Au surplus, si le syndicat Plastalliance affirme qu'il est inexact que le courriel qu'elle avait déjà produit en première instance en réponse à son interrogation adressée au site légifrance n'aurait pas de caractère officiel, ce courriel, qui faisait état d'une mise en ligne le 07 juillet 2022, émanait d'une personne dont le premier juge a justement observé que les qualités n'étaient pas précisées, et que ce syndicat verse un second courriel en réponse émanant du même site et se référant à nouveau à cette date, il est relevé que ce second courriel, dont l'auteur ne précise pas non plus ses qualités, indique d'abord ne pas être en capacité de délivrer le document officiel concernant la date de diffusion du BOCC.

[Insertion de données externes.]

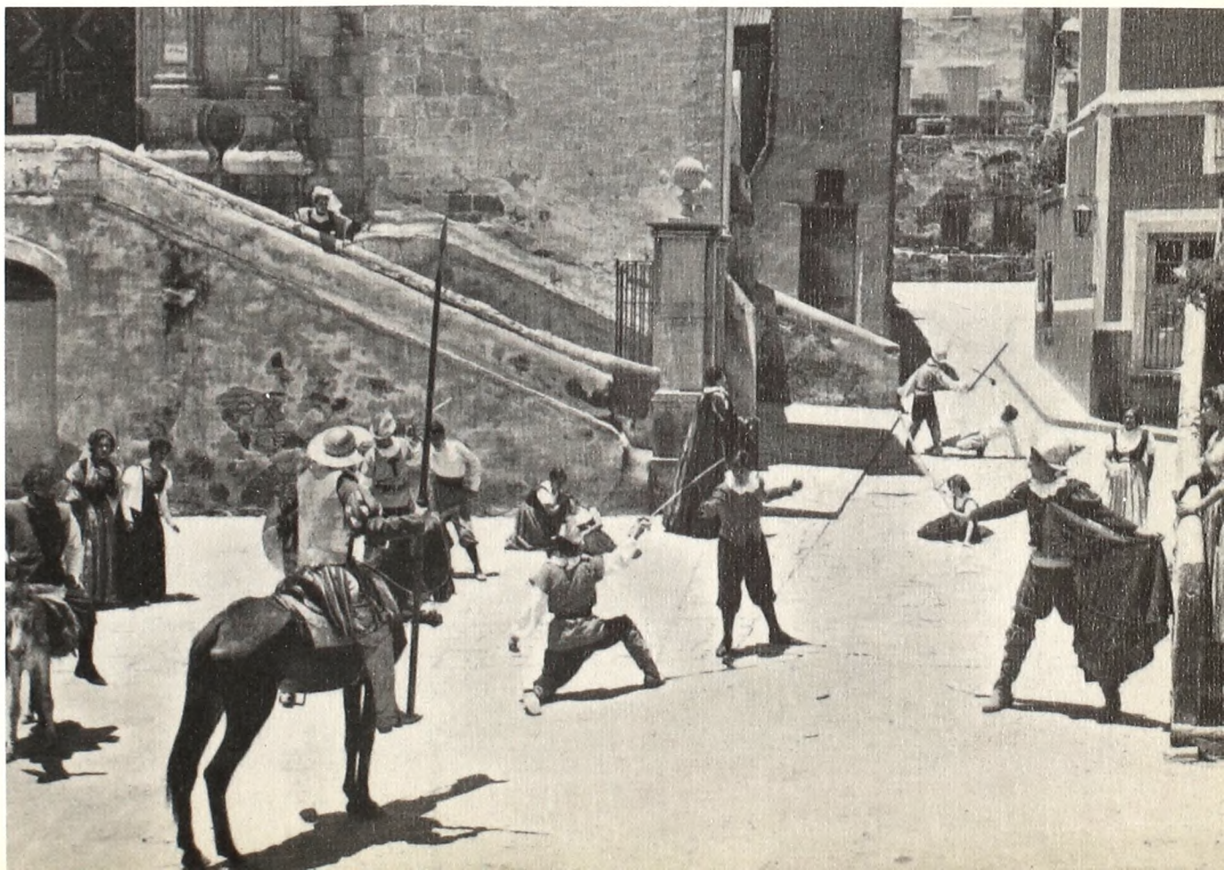
Plays were performed in the plazas using natural scenery for sets. Here we see Don Quixote being performed in the streets of Guanajuato.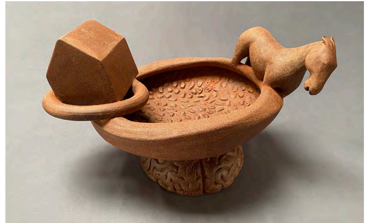
O'Neal Smalls , 2021 Stoneware, 13.5 x 23 x 17 inches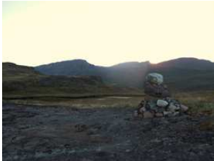
from the farm to the river

The main river is around 3 km and offers an interesting diversity of sections, such as rapid flowing water, deep clear pools or waterfalls and rocky places. From Ipiutaq guest farm, the hike to reach the main part of the river takes around 45 minutes to one hour.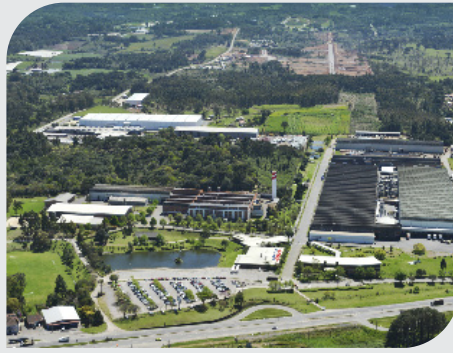
CAXIAS DO SUL SITE Brazil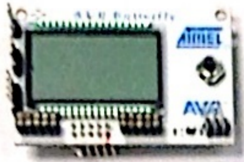
1. AVR Butterfly Board (1 No.s)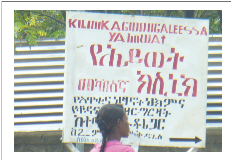
FIGURE 3 Amharic genitive marker ya used in an Oromo sign (NB Oromo with Latin alphabet at top of sign)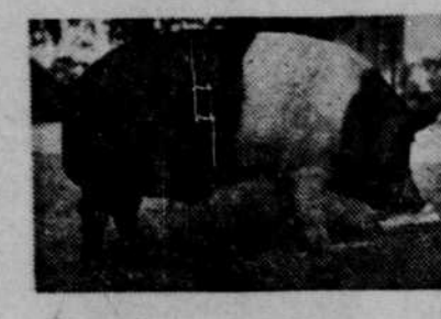
short course sponsored by the University of Nebraska's exten-

of his herd sires. This son of Marvel was first senior boar at the 1953 Iowa state fair and was paraded at the 1953 type conparaded at the 1953 type con-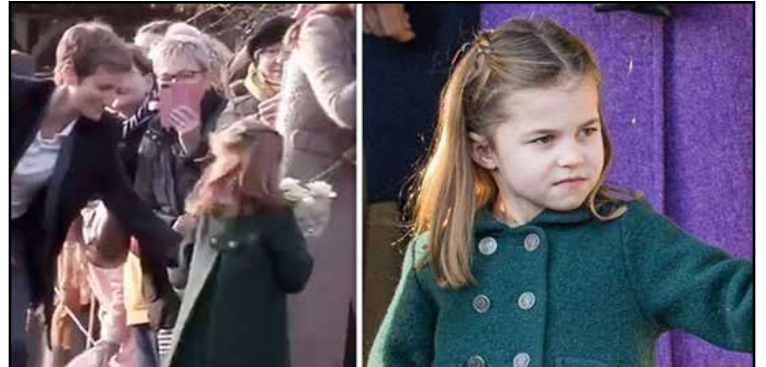
Charlotte's first royal walkabout - page 4

California's British Accent™ - Since 1984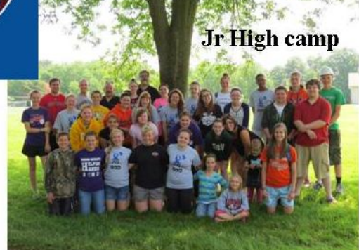
Jr High camp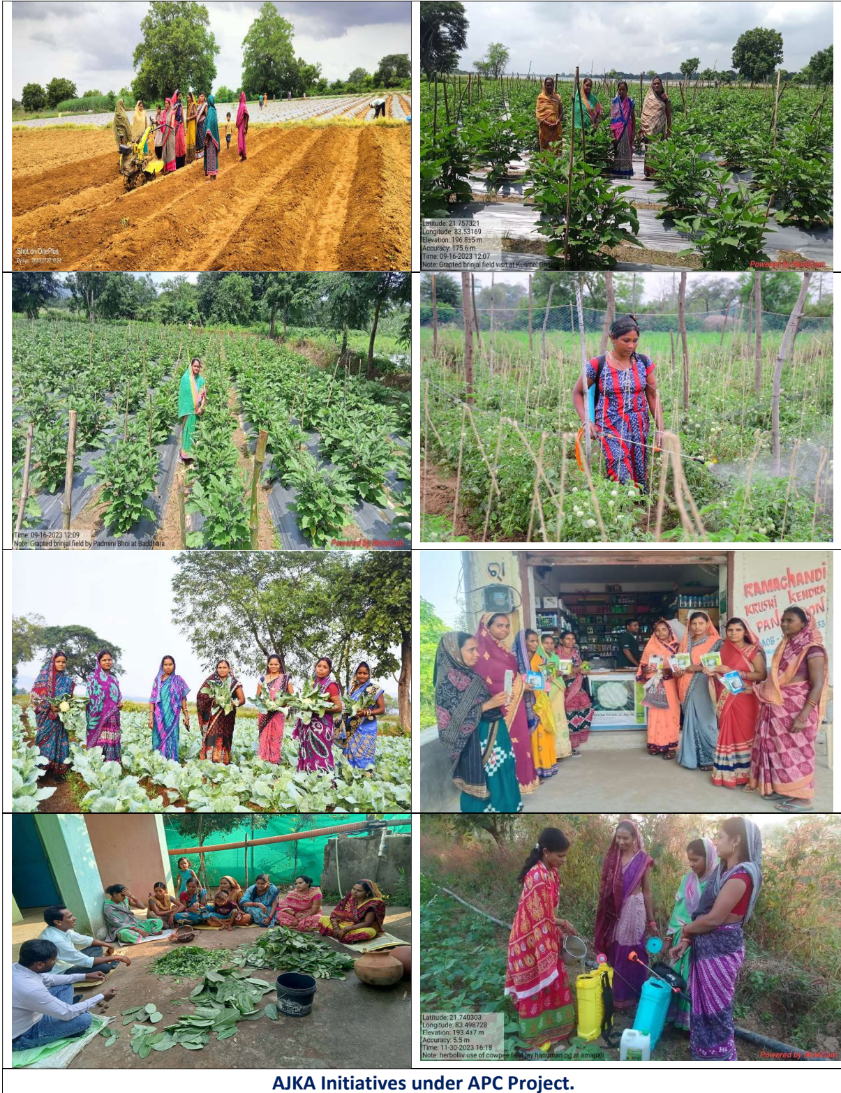
AJKA Initiatives under APC Project.

En tout état de cause, le syndicat intimé CFE-CFDT fait justement observer que dès le 27 mai 2022, le syndicat Plastalliance annonçait sur son site internet qu'il avait refusé de signer l'accord régularisé le 16 mars 2022 et préparait un recours en annulation contre cet accord, précisant alors estimer que "les conditions de négociations n'ont pas été loyales" et qu' "un recours va être engagé imminemment devant le tribunal judiciaire compétent", mais encore que "un avis relatif à l'extension de cet accord a été publié au JO du 6 mai 2022. Cet avis n'est pas un Arrêté d'extension, il permet notamment aux organisations et toute personne intéressée de faire connaître leurs observations et avis au sujet de l'extension envisagée", de sorte qu'il avait déjà eu connaissance effective de l'accord à cette date.

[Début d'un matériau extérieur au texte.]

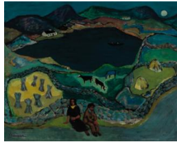
Title: The Black Lake Date: c.1940 Primary Maker: Dillon, Gerard Medium: Oil on board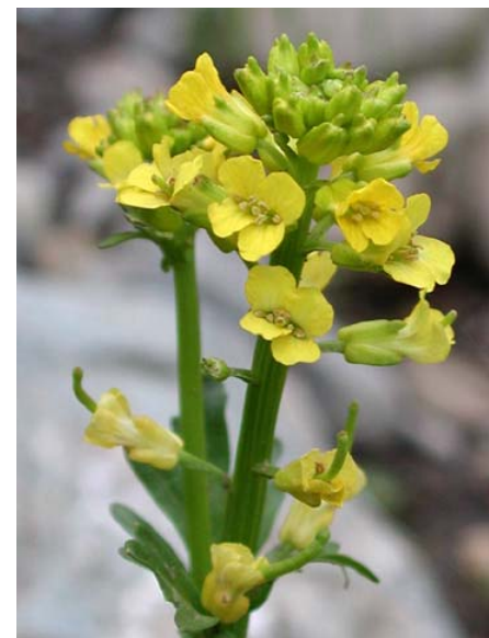
Erect-pod Winter Cress Barbarea orthoceras Native Perennial Mustard Family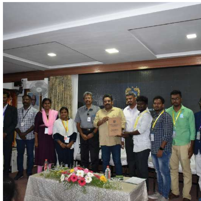
Distribution of Certificates to Participants of Presidency College.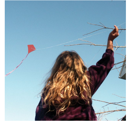
DO NOT fly kites or model planes near any power line.

When the weather is nice, we want to get outside and play. You can enjoy many recreational activities near power lines, but some activities require caution. Flying kites, building fires or hunting are all activities that require you to be aware of your proximity to power lines. Additionally, never climb towers, fences or any other structure near a power line or an electrical substation. During storms, stay away from all tall objects.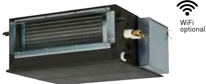
FDUH 22~36 KXE6F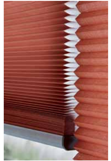
Duette® Shades are perfectly suitable for the office, giving it a warm and stylish look.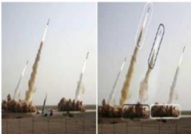
Fig.3. Example of Copy-Move Attack on Images

The copy move forgery is popular as one of the difficult and most commonly used kind of image tampering technique. In this technique, one needs to cover a part of the image in order to add or remove information. In the Copy-Move image, manipulation technique a part of the same image is copied and pasted into another part of that image itself. In a copy-move attack, the intention is to hide something in the original image with some other part of the same image [8]. The example of Copy-Move type is as shown in below figure 3 below. The original image contains only three missiles and its Copy-Moved version on the right has four missiles. Fig.3. Example of Copy-Move Attack on Images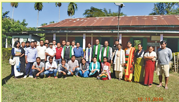
ZMC with VCRMC members, Dimapur

to review the technical progress of different modules like NRM, crop production, livestock & fishery and institutional interventions in the NICRA villages and for making appropriate suggestions for improvement.

Il s'ensuit que l'action en nullité à l'encontre de cet accord exercée les 28 et 29 juillet 2022 est tardive et irrecevable.

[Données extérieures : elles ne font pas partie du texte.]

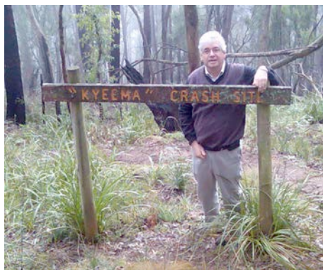
Sunday July 27, 2008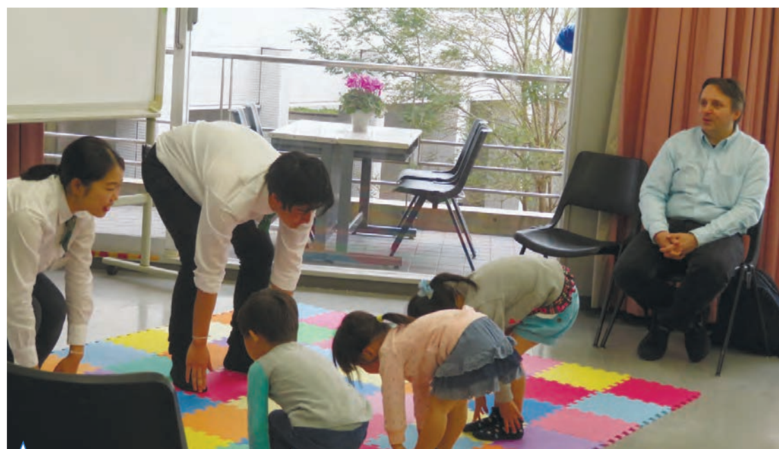
Students teach English at a classroom.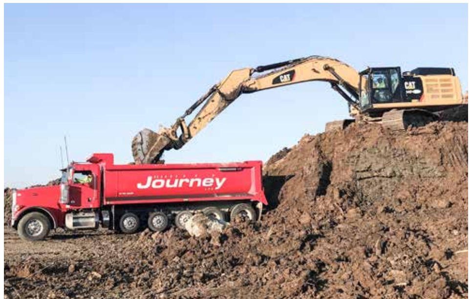
KEEPING busy for Coppage in Liberty Township is Roscoe Hensley III.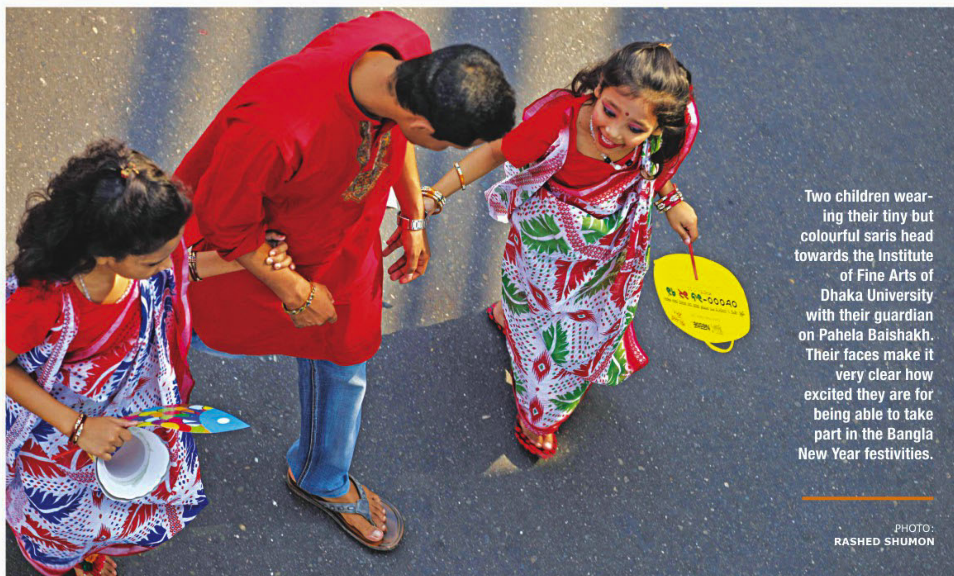
Two children wearing their tiny but colourful saris head towards the Institute of Fine Arts of Dhaka University with their guardian on Pahela Baishakh. Their faces make it very clear how excited they are for being able to take part in the Bangla New Year festivities.

En conséquence, l'ordonnance du juge de la mise en état sera confirmée.

Sur les dépens et l'article 700 du code de procédure civile :

Compte tenu de la solution du litige, la décision entreprise sera confirmée de ces deux chefs et par application de l'article 696 du code de procédure civile, les dépens d'appel seront mis à la charge du syndicat Plastalliance, qui sera débouté en sa demande en cause d'appel fondée sur l'article 700 du code de procédure civile.

Il sera fait droit aux demandes formées en cause d'appel par les syndicats FCE-CFDT, CFE-CGC-Chimie et Polyvia en application de cet article à hauteur pour chacun d'entre eux de la somme de 1.500 euros.

PAR CES MOTIFS,

La cour, statuant publiquement, par arrêt contradictoire,

CONFIRME l'ordonnance du 26 septembre 2023 du juge de la mise en état du tribunal judiciaire de Paris ;

CONDAMNE le syndicat Plastalliance aux dépens de la procédure d'appel ;

CONDAMNE le syndicat Plastalliance à payer au syndicat FCE-CFDT, au syndicat CFE-CGC-Chimie et au syndicat Polyvia la même somme de 1.500 euros sur le fondement de l'article 700 du code de procédure civile et le déboute de sa demande à ce titre.